The firm hired more staff last year and is pursuing opportunities in the healthcare and data centre sectors, but has voiced caution about the life sciences market.

The London-based contractor reported turnover of £1.12bn in the year to 31 July 2025 – up 21 per cent from the previous year, according to its latest audited accounts.

The turnover figure accurately reflected group chief executive Paul Heather’s prediction of £1.1bn that he made last year.

Speaking to Construction News shortly before the audited results were released, chairman Kevin Taylor said the firm was “on target” to post turnover of £1.25bn in its next set of results.

The firm is now on 24 frameworks – two more than last year – as diversification into the public sector contributed £250m to group turnover.

Taylor said he had his “fingers crossed” that the firm can win work on the “exciting” NHS New Hospital Programme (NHP), where it is one of 16 shortlisted bidders for up to 11 slots on a £37bn framework.

But the contractor said it was not actively targeting life sciences jobs.

On the one hand, Heather said that the sector overlaps with McLaren’s existing capabilities, but he also said: “We haven’t seen a pipeline that we thought we would see.

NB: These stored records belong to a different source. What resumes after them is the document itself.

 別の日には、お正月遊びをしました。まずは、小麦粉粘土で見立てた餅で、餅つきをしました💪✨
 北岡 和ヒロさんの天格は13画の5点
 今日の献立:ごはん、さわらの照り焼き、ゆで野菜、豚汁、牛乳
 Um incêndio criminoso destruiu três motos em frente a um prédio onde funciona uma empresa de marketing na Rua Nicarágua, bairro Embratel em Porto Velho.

It’s certainly not in the place that we hoped.”

He added: “That said, if we’re invited to tender, we would be interested.”

New business

McLaren was ranked 25th in last year’s CN100 table of top contractors, but the latest performance would have seen it shoot up to 18th place.

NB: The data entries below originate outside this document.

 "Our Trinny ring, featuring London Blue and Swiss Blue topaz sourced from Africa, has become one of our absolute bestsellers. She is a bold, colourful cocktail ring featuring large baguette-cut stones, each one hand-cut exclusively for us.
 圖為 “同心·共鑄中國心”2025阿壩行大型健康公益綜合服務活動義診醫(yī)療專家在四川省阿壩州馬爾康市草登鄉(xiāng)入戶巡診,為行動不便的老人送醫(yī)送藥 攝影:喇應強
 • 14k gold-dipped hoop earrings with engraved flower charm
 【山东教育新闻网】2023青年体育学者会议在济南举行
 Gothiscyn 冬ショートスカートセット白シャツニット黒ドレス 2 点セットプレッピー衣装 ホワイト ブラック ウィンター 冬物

The accounts said McLaren was engaged in more than 81 active projects last year – including eight in the United Arab Emirates.

Of the overall total, 21 were in negotiation, 31 were live on site and 29 were completed by the end of the financial year.

Prominent new business wins in the year included a £280m Cardiff arena and hotel job (pictured) with close involvement from its Construction Management & Specialist Projects division, which was set up last August to target large-scale real estate and public sector projects.

“They’ve already been wearing out their shoe leather in terms of knocking on doors and just explaining our construction management capability,” said Heather.

“That’s something we’re going to push hard with, and we think we’ve got the right expertise in the business to do it.”

Apart from the Cardiff job, early construction management successes include a role in an unnamed energy project in England, he added.

Taylor said “repeat customers that have the faith and give us work” represented the bedrock of McLaren’s revenue.

Heather added that repeat business accounted for “75 to 80 per cent” of overall group turnover.

“We treat all of the projects in the same way, and they’re given the same gravitas that they all deserve,” he said.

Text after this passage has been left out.